Your objective: Omit all pictures, and print word for word only the lines from the one containing "深圳市厚物科技有限公司立足中国深圳,持续专注于PXIe PXI CPCI" through the end of the data.

Data section:
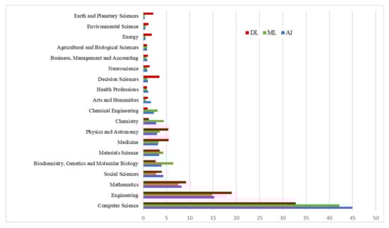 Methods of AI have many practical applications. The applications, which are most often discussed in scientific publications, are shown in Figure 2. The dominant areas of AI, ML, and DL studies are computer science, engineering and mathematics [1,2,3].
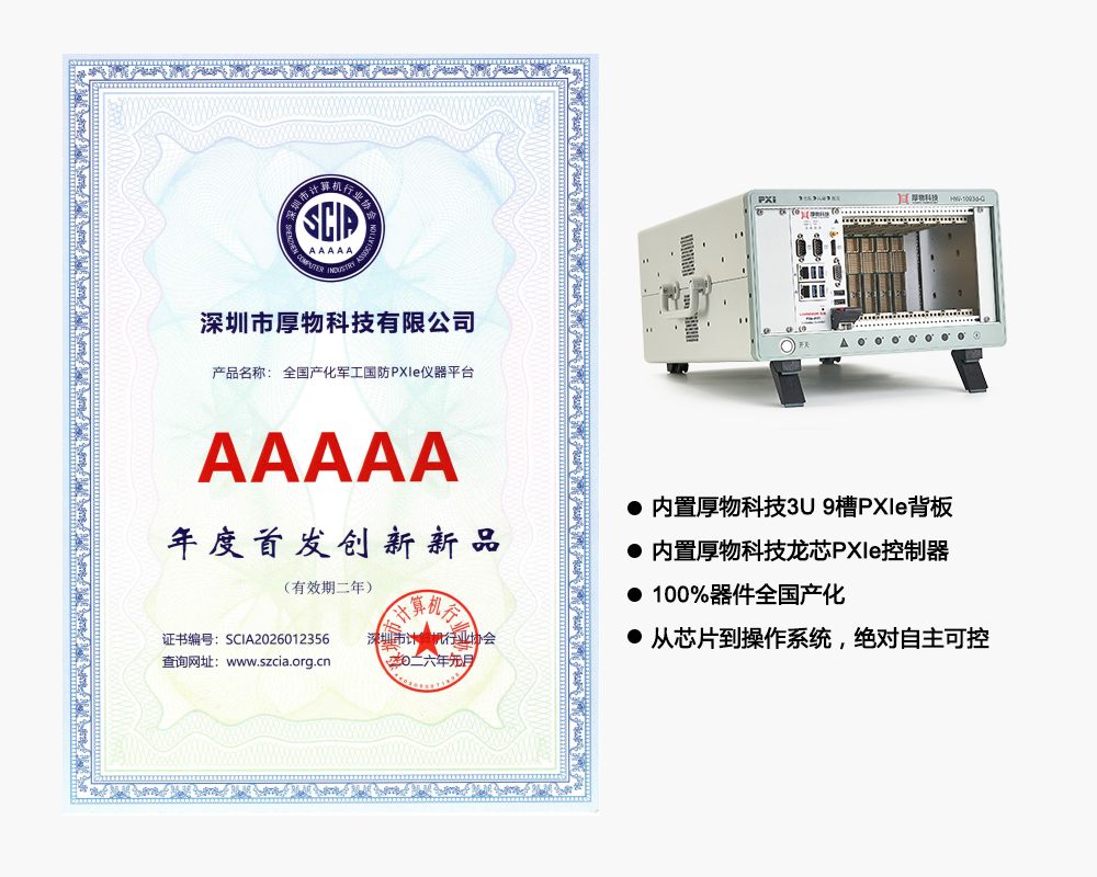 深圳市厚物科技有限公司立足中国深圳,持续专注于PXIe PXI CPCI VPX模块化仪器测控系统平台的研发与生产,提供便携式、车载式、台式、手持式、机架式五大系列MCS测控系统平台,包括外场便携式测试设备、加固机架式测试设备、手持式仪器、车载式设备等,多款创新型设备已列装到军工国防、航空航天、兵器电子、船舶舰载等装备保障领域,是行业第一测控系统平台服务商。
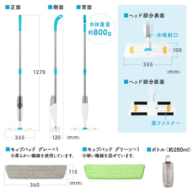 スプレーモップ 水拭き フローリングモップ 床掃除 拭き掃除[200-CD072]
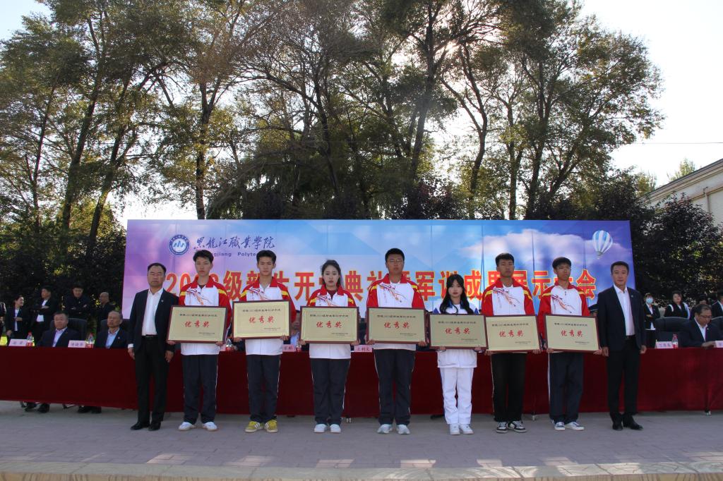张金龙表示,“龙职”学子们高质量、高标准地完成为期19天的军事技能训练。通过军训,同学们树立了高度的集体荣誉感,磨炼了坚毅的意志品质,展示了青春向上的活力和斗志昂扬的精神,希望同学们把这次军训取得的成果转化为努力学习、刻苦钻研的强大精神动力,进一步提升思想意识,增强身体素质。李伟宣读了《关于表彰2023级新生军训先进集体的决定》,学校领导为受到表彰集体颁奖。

Task solution:
 深圳市厚物科技有限公司立足中国深圳,持续专注于PXIe PXI CPCI VPX模块化仪器测控系统平台的研发与生产,提供便携式、车载式、台式、手持式、机架式五大系列MCS测控系统平台,包括外场便携式测试设备、加固机架式测试设备、手持式仪器、车载式设备等,多款创新型设备已列装到军工国防、航空航天、兵器电子、船舶舰载等装备保障领域,是行业第一测控系统平台服务商。
 スプレーモップ 水拭き フローリングモップ 床掃除 拭き掃除[200-CD072]
张金龙表示,“龙职”学子们高质量、高标准地完成为期19天的军事技能训练。通过军训,同学们树立了高度的集体荣誉感,磨炼了坚毅的意志品质,展示了青春向上的活力和斗志昂扬的精神,希望同学们把这次军训取得的成果转化为努力学习、刻苦钻研的强大精神动力,进一步提升思想意识,增强身体素质。李伟宣读了《关于表彰2023级新生军训先进集体的决定》,学校领导为受到表彰集体颁奖。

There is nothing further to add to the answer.